1. A method of installing a fall protection system on an elevated structure, the method including the steps of:

providing an anchor rope which is securable on opposite sides of the elevated structure so that the anchor rope extends from one side of the structure to the opposite side of the structure;

dividing the anchor rope into two sections by providing an anchor point in the anchor rope between the two sections;

connecting a belay-fall arrest-descending device to each of the sections of the anchor rope;

connecting a safety rope to the anchor point provided in the anchor rope;

attaching a rope length adjustment device to the safety rope;

throwing one of the sections of the anchor rope and the associated belay-fall arrest-descending device over the structure;

securing the belay-fall arrest-descending devices provided on each section of the anchor rope to the structure on opposite sides thereof; and

tightening the anchor rope by pulling it through at least one of the belay-fall arrest-descending devices before ascending to the top of the elevated structure.

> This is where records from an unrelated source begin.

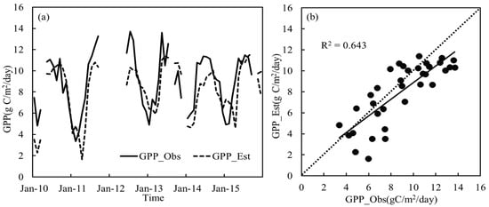 SEIB-DGVM localization results. (a) Timeseries of GPP_Est and GPP_Obs from 2010 to 2015; (b) scatter plot of GPP_Est and GPP_Obs from 2010 to 2015.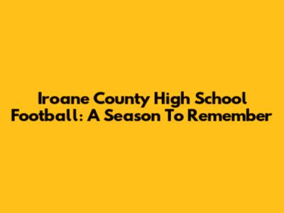Iroane County High School Football: A Season To Remember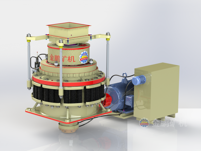 圓錐破碎機其結構主要有機架、水平軸、動錐體、平衡輪、偏心套、上破碎壁(固定錐)、下破碎壁(動錐)、液力偶合器、潤滑系統(tǒng)、液壓系統(tǒng)、控制系統(tǒng)等幾部分組成。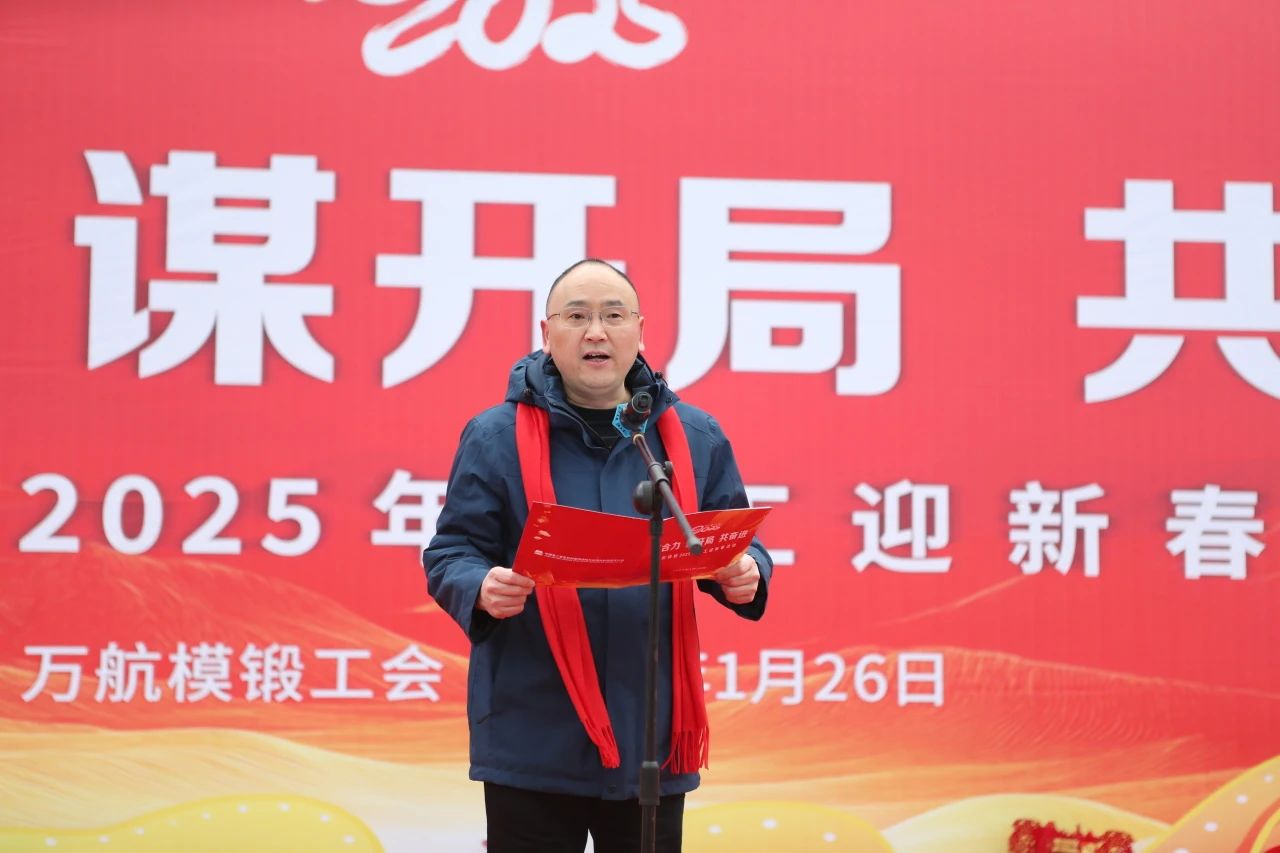 1月26日,萬航模鍛舉辦2025年“聚合力、謀開局、共奮進”職工迎新春活動。中國二重副總經(jīng)理,萬航模鍛黨委書記、董事長向彪作新春致辭,代表公司黨政班子向全體職工及家屬致以新春問候,期待在2025年與全體職工一起同向奔赴“實現(xiàn)航空重要鍛件國產(chǎn)化”的新征程,始終把“目標”刻在心上,把“擔當”銘記心中,為建設世界一流航空模鍛件供應商而努力奮斗!

2. A method according to claim 1, wherein the step of securing the belay-fall arrest-descending devices on each section of the anchor rope to the structure includes the steps of:

connecting an anchor sling to each of the belay-fall arrest-descending devices; and

connecting the anchor slings to anchor points on the structure.

3. A method according to claim 1, including the steps of:

providing a temporary anchor line on the structure; and

securing the anchor rope to the temporary anchor line instead of anchor points on the structure.